Started Chapter 1: Understanding large language models

p.5

Day 4 (Sun)

LLMs are based on the transformer architecture. The key idea of the transformer architecture is an attention mechanism that gives the LLM selective access to the whole input sequence when generating the output one word at a time. Like reading a paragraph and instinctively focusing on the few words that tell you what it's really about.

The ability to perform tasks that the model wasn't explicitly trained to perform is called an emergent behavior. Translation was such a behavior for GPT models. It wasn't trained for that but was able to do it, based on vast data in different contexts. I wonder how many more emergent behaviors are still uncovered and will surprise us in the future.
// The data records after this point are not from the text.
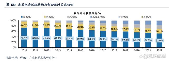 部分歐洲國家與我國電力結(jié)構(gòu)相似,能源轉(zhuǎn)型過程值得借鑒。從我國電力裝機(jī)結(jié)構(gòu)來看,過去我國以傳統(tǒng)電源火電、水電為主,2010年兩者裝機(jī)占比96%,風(fēng)光等可 再生能源逐漸成為發(fā)展重點,水電、火電裝機(jī)占比下降,2022年火電裝機(jī)占比52%, 水電開發(fā)已進(jìn)入后半程增量有限,風(fēng)光成為新增裝機(jī)主力,這與部分歐洲國家如德 國、波蘭頗為相似,2022年德國煤電發(fā)電量占比已經(jīng)降至31%,風(fēng)光發(fā)電量占比提 升至32%,其能源轉(zhuǎn)型走在我國之前。隨著我國提出雙碳目標(biāo),風(fēng)光占比提升成為 必然趨勢,德國等歐洲國家能源轉(zhuǎn)型過程中的經(jīng)驗對我國有重要的借鑒意義。
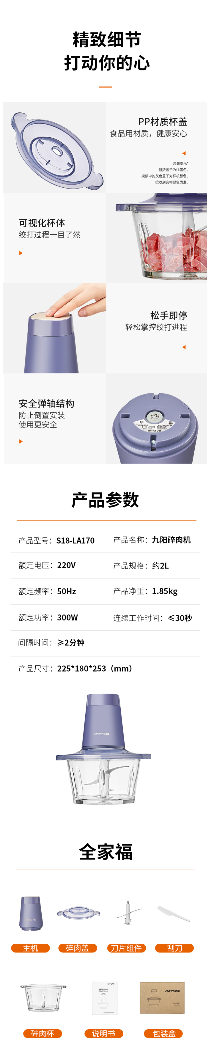 这款九阳S18-LA170 绞肉机质量口碑都非常好。月销量2万+,累计5.7万4.9好评。可用来搅肉、绞肉、做酱、碎菜、打蛋等。编辑家也备了一个,主要是包饺子做馅料时真是太方便了。一次最大绞肉量可2斤左右,1斤猪肉仅需8秒搅碎。
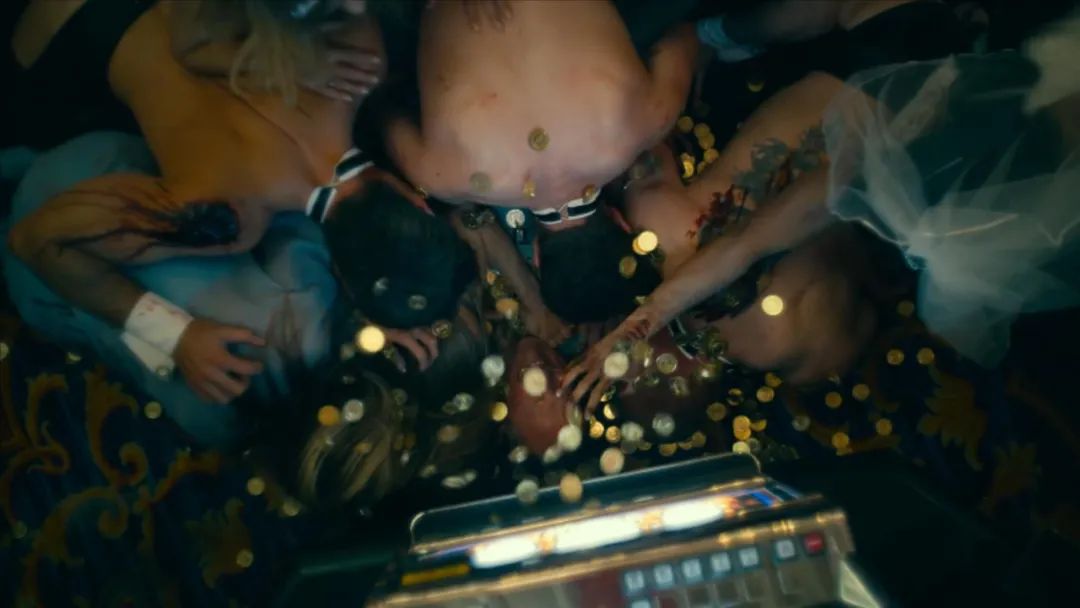 玩着老虎机的吸氧老人,在疯狂吐金币的老虎机下被一群人啃咬。
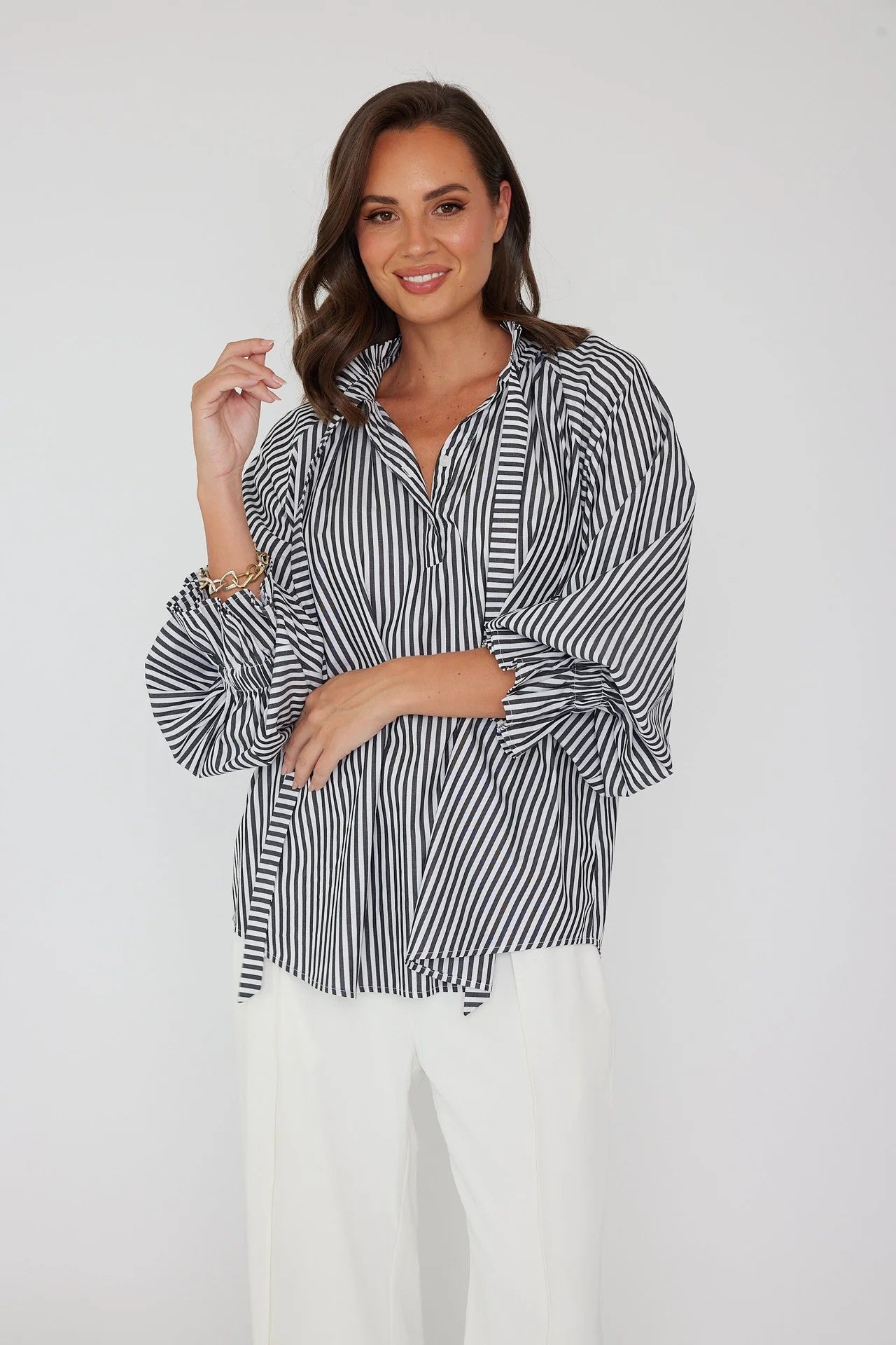 The DANILL blouse is crafted in fluid drapes that effortlessly rest over the frame. This ethereal blouse is imbued with a nonchalant appeal with tie-up neck straps, scooped hem, and stunning back pleats. Elasticated cuffs and a button-up front give off that classic appeal. It's perfectly finished with frilled cuffs.
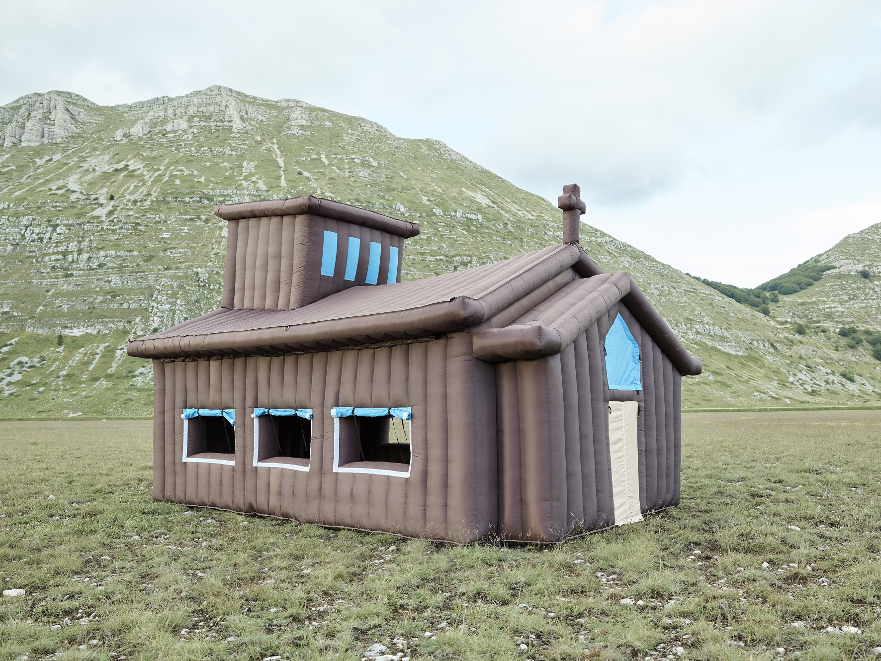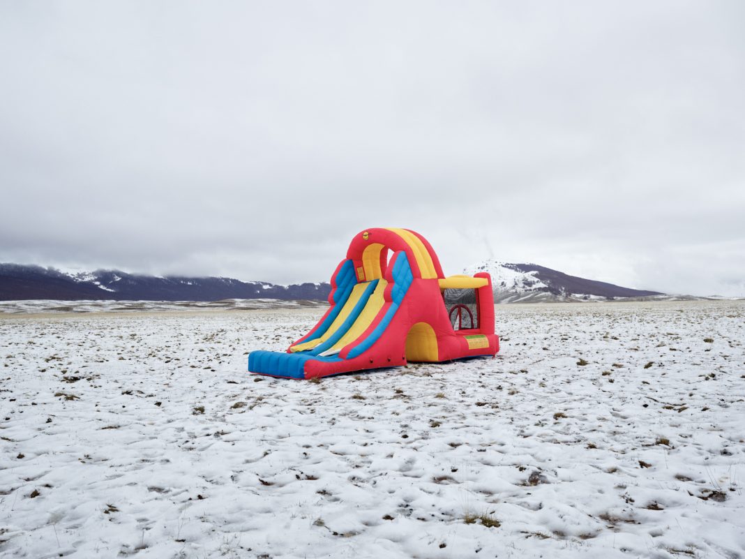 Paesaggi aspri, linee aguzze che spuntano da chiazze d’erba bassa, una natura forte, resistente. E poi, un elemento dall’opposta consistenza, un giocattolo gonfiabile dai colori accesi, castelli e scivoli, morbidi e accoglienti, dunque estranei, provenienti da un altro mondo, sviluppatisi in condizioni ambientali diverse. Così, con questi paradossi materici e insieme visivi, Stefano Cerio ha raccontato fotograficamente il territorio abruzzese colpito dal terremoto del 2009, concentrando l’obbiettivo, in particolare, sulle montagne circostanti L’Aquila. Già esposte in diverse occasioni, tra cui proprio al MAXXI l’Aquila e a giugno 2022 in una delle sedi dello Studio Trisorio a Napoli, le immagini di quel progetto sono andate a comporre una nuova pubblicazione edita da Hatje Cantz Verlag, storico editore di libri tedesco specializzato in fotografia, che già ha pubblicato altri cataloghi di Cerio.

Finished Chapter 1: Understanding large language models.

Started Chapter 2: Working with text data.

Embedding - the concept of converting data into a vector format.

An embedding is a mapping from discrete objects, such as words, images, or even entire documents, to points in a continuous vector space. The primary purpose of embeddings is to convert nonnumeric data into a format that neural networks can process.

We can embed different data types: video, audio, text. But different data formats require different embedding models.

p. 22

Day 5 (Mon)

Implementing a "toy" tokenizer to understand how tokenization works and its main concepts.

Byte-pair encoding (BPE) - when a word is not in a model's vocabulary, it allows the model to break down words that aren't in its predefined vocabulary into smaller subword units or even individual characters, enabling it to handle out-of-vocabulary words

p. 41

Day 6 (Tue)

Chapter 2: Working with text data

Embedding size = number of features per token In general, the more the better but needs to balance cost vs. slower training and wasted capacity.

In addition to token embeddings, positional embeddings are added for each token:

  • The token embeddings (what each word means)
  • The positional embeddings (how far along the sentence we are)

Full embedding process:

  • Get input text
  • Break it down into tokens
  • Convert all tokens to token IDs
  • Generate token embeddings of X size (X = number of dimensions / features per token)
  • Generate positional embeddings of X size (same as token embeddings)
  • Final input embeddings = token embeddings + positional embeddings
    • Same vector size but enriched with positional data which will be important during training

Finished Chapter 2: Working with text data.

Started Chapter 3: Coding attention mechanisms

This is the attention part from Attention Is All You Need paper.

What's attention?

  • The model looks at all the tokens in the input and decides which ones to focus on when processing a particular token.
  • Example: When processing the word "it" in "The cat chased the dog because it was tired", the model needs to pay more attention to "cat", not "dog" or "because."

Self-attention is a mechanism that allows each position in the input sequence to consider the relevancy of, or "attend to", all other positions in the same sequence when computing the representation of a sequence.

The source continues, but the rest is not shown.